### SUPPLIED ENTRIES
++++++++++++++++++++
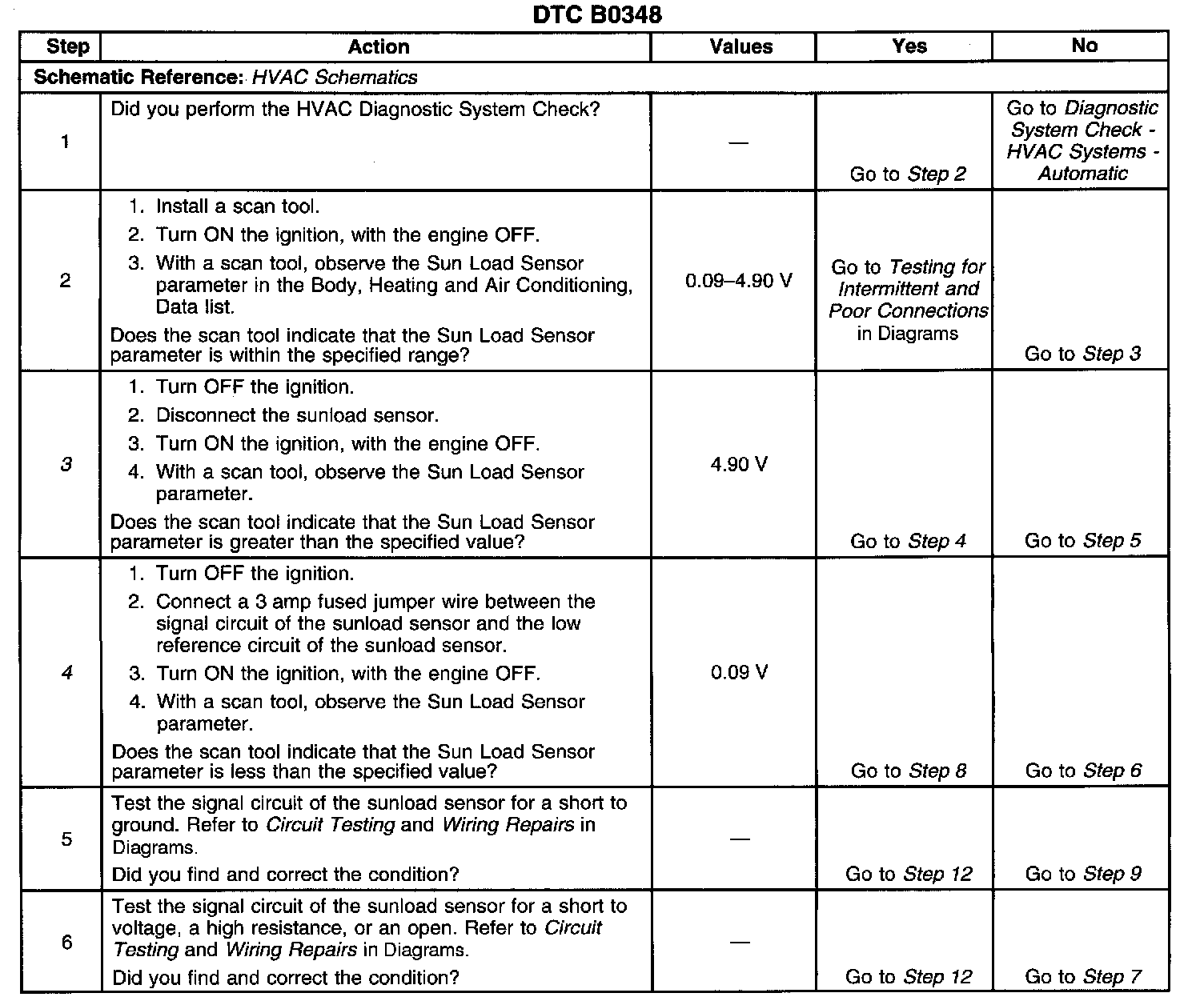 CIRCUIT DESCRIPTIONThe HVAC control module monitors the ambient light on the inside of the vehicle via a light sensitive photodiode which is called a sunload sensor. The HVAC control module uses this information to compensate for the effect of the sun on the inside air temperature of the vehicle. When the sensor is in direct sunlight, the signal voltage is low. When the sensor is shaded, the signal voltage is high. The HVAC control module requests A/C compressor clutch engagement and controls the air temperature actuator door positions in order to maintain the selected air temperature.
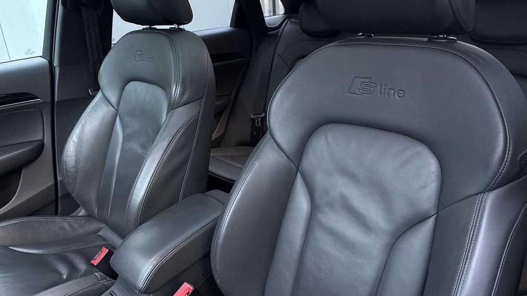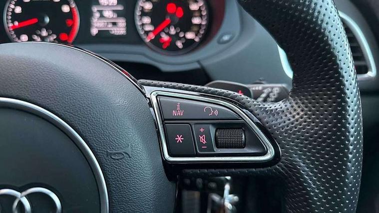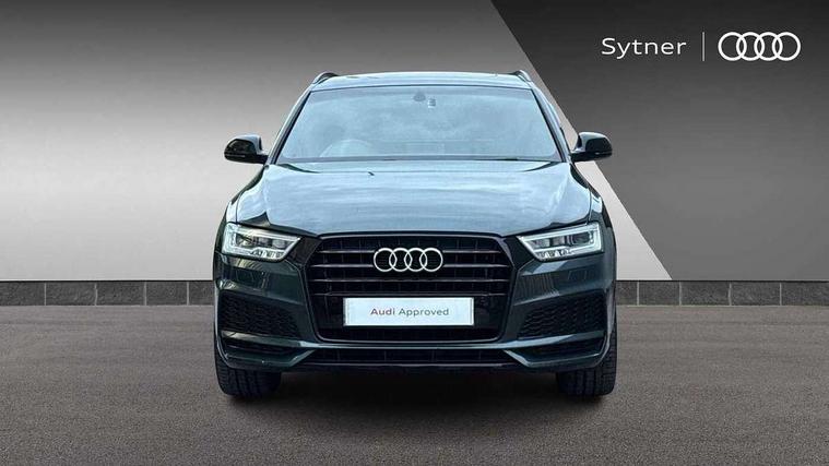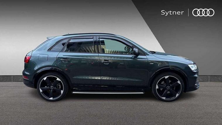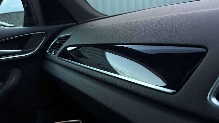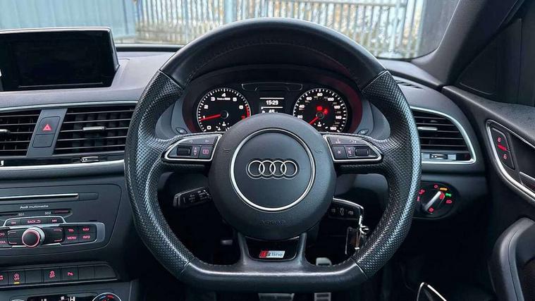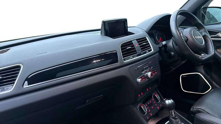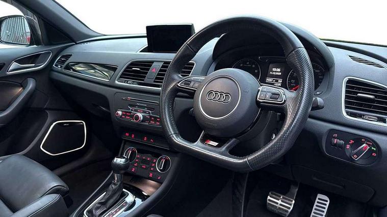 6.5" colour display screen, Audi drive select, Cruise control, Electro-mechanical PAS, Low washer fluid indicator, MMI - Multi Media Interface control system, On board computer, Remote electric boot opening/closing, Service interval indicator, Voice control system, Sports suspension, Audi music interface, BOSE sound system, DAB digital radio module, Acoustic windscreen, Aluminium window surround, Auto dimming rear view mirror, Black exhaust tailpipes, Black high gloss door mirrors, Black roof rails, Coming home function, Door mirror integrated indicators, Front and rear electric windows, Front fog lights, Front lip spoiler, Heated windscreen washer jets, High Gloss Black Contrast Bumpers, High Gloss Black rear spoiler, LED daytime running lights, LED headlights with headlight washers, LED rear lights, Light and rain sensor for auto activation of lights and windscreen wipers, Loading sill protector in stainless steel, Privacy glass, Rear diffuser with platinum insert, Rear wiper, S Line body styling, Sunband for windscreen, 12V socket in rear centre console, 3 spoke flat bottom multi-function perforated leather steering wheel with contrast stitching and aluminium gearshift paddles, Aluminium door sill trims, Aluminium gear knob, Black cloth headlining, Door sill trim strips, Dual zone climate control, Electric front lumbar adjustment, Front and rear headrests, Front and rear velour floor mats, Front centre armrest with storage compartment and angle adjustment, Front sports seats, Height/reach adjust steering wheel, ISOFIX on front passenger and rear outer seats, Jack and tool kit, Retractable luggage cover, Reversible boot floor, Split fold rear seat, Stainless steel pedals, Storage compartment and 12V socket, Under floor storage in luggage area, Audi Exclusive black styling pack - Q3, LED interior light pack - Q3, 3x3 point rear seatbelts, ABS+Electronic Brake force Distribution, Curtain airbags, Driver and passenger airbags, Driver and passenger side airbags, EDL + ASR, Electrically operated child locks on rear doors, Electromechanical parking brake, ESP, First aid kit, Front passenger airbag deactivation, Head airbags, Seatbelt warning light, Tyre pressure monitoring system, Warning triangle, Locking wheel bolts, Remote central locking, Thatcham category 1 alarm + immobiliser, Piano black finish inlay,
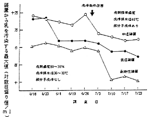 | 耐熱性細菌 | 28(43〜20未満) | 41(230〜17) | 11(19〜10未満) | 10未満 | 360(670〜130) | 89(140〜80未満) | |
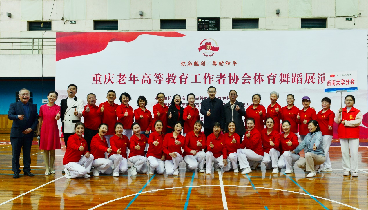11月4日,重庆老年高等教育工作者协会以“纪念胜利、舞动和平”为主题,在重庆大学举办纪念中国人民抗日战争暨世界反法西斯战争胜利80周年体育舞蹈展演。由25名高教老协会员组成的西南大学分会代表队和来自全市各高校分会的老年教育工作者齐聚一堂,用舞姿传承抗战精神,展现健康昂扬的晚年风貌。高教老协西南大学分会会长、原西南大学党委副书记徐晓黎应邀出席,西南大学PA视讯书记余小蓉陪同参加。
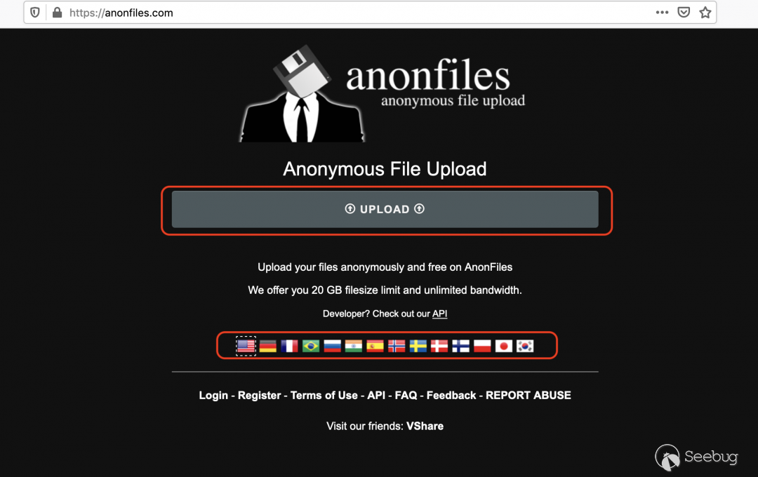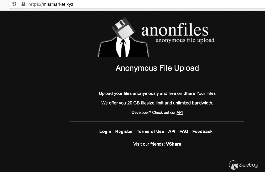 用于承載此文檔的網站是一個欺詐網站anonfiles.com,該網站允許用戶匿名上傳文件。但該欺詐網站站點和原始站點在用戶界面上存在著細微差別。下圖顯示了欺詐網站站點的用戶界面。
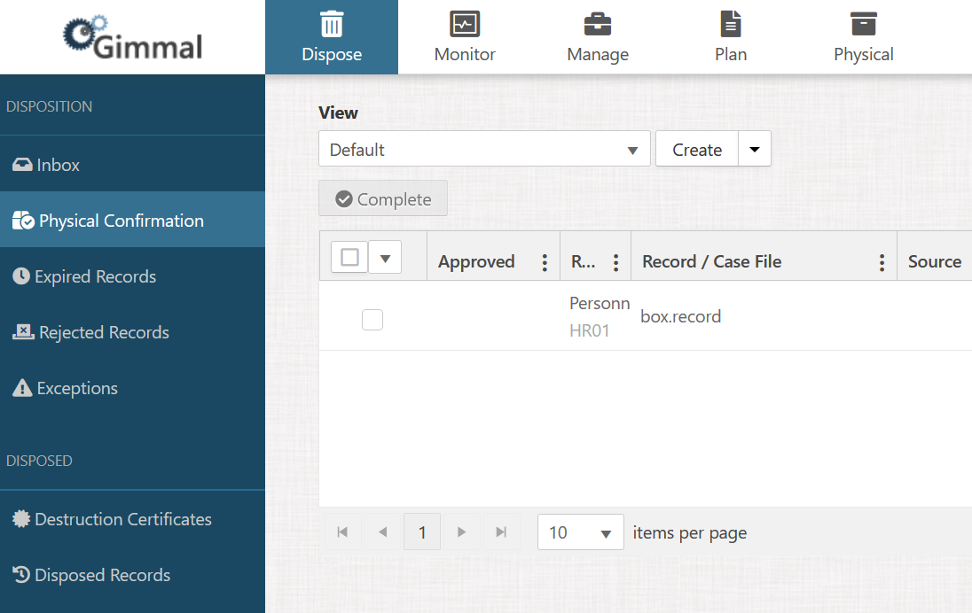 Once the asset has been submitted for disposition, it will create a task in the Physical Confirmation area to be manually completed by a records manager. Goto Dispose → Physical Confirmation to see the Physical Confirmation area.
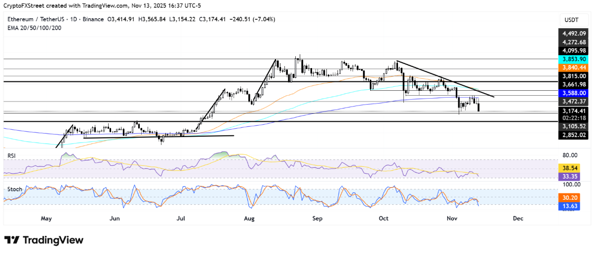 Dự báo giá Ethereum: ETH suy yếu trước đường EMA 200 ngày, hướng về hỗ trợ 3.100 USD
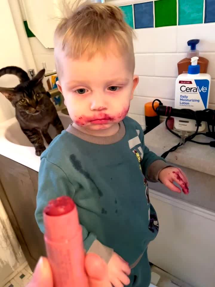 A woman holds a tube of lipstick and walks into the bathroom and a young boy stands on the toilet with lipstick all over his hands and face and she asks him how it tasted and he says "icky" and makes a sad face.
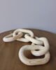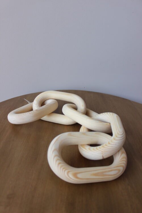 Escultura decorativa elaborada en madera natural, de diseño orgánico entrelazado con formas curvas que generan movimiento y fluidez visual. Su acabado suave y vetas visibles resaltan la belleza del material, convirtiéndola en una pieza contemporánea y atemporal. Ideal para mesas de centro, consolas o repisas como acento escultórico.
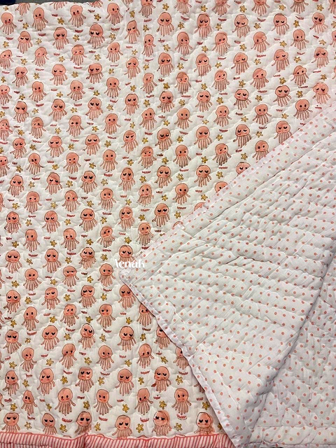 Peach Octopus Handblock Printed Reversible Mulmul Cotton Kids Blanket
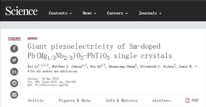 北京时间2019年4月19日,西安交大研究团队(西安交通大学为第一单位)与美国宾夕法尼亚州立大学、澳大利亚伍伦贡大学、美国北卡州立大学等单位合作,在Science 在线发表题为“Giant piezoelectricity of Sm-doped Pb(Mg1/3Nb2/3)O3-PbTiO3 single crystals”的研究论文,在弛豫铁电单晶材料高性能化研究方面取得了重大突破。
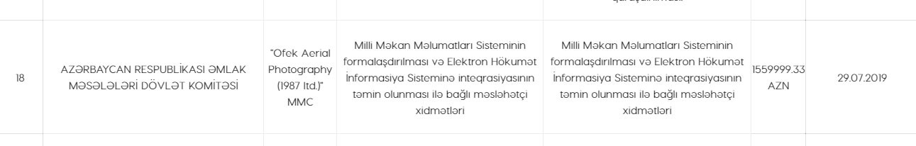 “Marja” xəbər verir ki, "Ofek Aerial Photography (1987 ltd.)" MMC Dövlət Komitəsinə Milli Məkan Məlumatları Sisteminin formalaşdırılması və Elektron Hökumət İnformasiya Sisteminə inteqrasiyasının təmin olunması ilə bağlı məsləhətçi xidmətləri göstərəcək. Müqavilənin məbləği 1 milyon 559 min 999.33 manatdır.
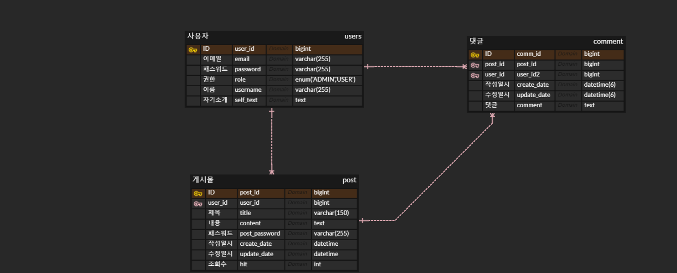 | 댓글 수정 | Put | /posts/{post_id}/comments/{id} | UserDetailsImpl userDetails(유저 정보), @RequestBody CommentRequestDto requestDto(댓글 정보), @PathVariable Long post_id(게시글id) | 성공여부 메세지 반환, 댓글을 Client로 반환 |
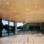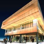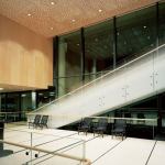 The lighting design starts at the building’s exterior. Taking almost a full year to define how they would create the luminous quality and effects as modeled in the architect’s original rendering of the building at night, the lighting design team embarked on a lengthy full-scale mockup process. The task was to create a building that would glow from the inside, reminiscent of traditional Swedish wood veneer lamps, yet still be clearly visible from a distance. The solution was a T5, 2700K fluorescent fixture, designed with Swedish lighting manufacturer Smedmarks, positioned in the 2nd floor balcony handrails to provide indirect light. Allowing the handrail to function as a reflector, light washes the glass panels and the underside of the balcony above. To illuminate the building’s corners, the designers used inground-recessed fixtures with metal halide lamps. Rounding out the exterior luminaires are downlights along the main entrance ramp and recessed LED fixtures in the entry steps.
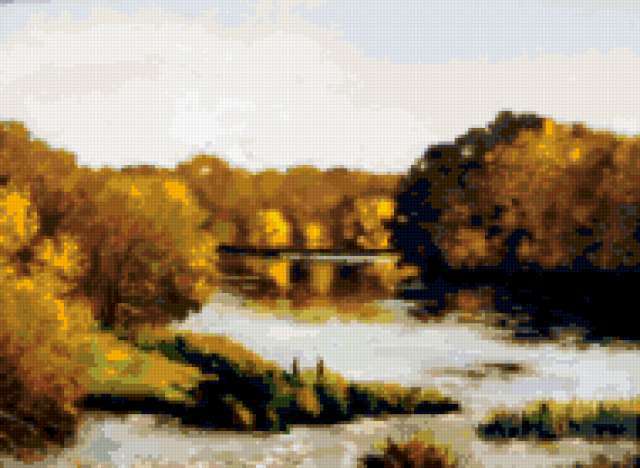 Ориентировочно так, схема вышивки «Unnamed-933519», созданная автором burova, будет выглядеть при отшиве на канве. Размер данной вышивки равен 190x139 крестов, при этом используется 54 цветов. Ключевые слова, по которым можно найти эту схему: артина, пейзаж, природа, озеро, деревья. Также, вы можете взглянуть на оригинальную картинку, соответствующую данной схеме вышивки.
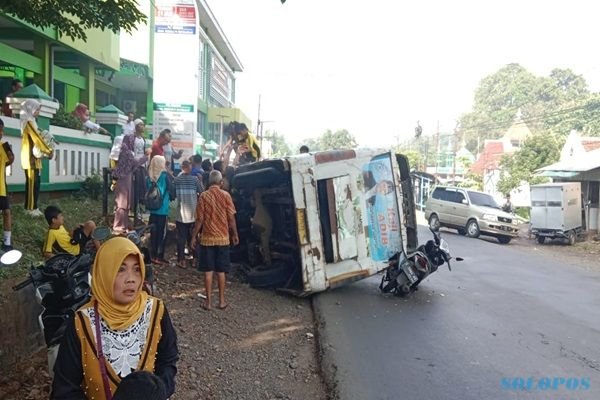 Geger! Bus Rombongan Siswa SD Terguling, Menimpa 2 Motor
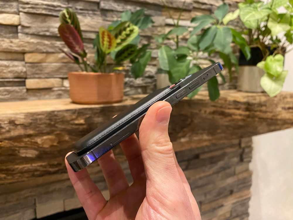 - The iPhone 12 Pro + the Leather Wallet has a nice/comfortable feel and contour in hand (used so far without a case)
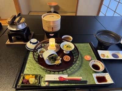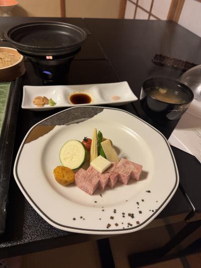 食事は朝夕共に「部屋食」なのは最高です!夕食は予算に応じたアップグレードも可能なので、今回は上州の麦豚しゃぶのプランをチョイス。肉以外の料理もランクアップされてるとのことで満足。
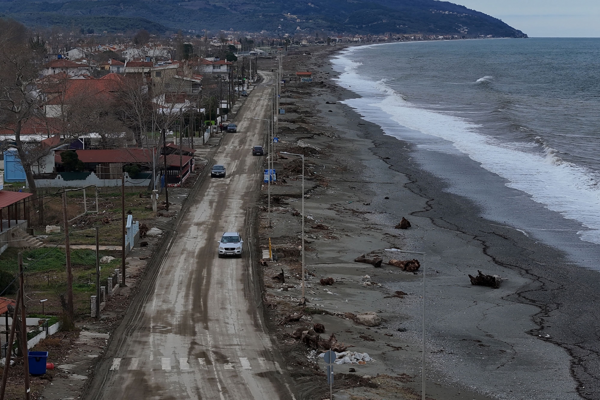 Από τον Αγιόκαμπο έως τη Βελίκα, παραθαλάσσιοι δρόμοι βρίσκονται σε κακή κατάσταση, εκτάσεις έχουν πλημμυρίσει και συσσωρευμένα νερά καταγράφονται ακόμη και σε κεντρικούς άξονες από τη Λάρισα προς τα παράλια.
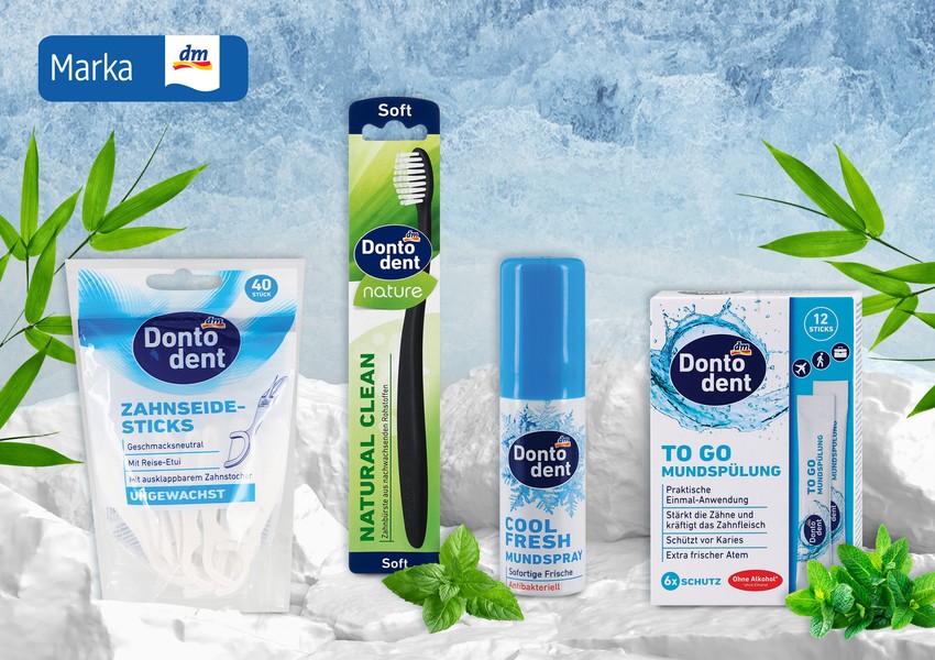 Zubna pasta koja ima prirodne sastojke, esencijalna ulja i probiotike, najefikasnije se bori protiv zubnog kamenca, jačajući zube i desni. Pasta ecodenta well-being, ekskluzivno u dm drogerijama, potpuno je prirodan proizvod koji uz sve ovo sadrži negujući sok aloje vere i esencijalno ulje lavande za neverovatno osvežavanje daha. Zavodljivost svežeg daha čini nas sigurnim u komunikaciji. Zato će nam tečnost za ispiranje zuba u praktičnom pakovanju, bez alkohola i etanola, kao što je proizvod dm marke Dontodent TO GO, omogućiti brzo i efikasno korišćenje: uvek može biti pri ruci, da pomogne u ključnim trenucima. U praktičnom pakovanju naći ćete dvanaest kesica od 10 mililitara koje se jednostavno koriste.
++++++++++++++++++++
### WHAT THIS TASK INVOLVES
Pictures in the entries do not go into the copy. Print only the lines starting at the one containing "Once the asset" and ending at the one containing "piezoelectricity of Sm-doped", exactly as they appear.

### SOLUTION BELOW
 Once the asset has been submitted for disposition, it will create a task in the Physical Confirmation area to be manually completed by a records manager. Goto Dispose → Physical Confirmation to see the Physical Confirmation area.
 Dự báo giá Ethereum: ETH suy yếu trước đường EMA 200 ngày, hướng về hỗ trợ 3.100 USD
 A woman holds a tube of lipstick and walks into the bathroom and a young boy stands on the toilet with lipstick all over his hands and face and she asks him how it tasted and he says "icky" and makes a sad face.
 Escultura decorativa elaborada en madera natural, de diseño orgánico entrelazado con formas curvas que generan movimiento y fluidez visual. Su acabado suave y vetas visibles resaltan la belleza del material, convirtiéndola en una pieza contemporánea y atemporal. Ideal para mesas de centro, consolas o repisas como acento escultórico.
 Peach Octopus Handblock Printed Reversible Mulmul Cotton Kids Blanket
 北京时间2019年4月19日,西安交大研究团队(西安交通大学为第一单位)与美国宾夕法尼亚州立大学、澳大利亚伍伦贡大学、美国北卡州立大学等单位合作,在Science 在线发表题为“Giant piezoelectricity of Sm-doped Pb(Mg1/3Nb2/3)O3-PbTiO3 single crystals”的研究论文,在弛豫铁电单晶材料高性能化研究方面取得了重大突破。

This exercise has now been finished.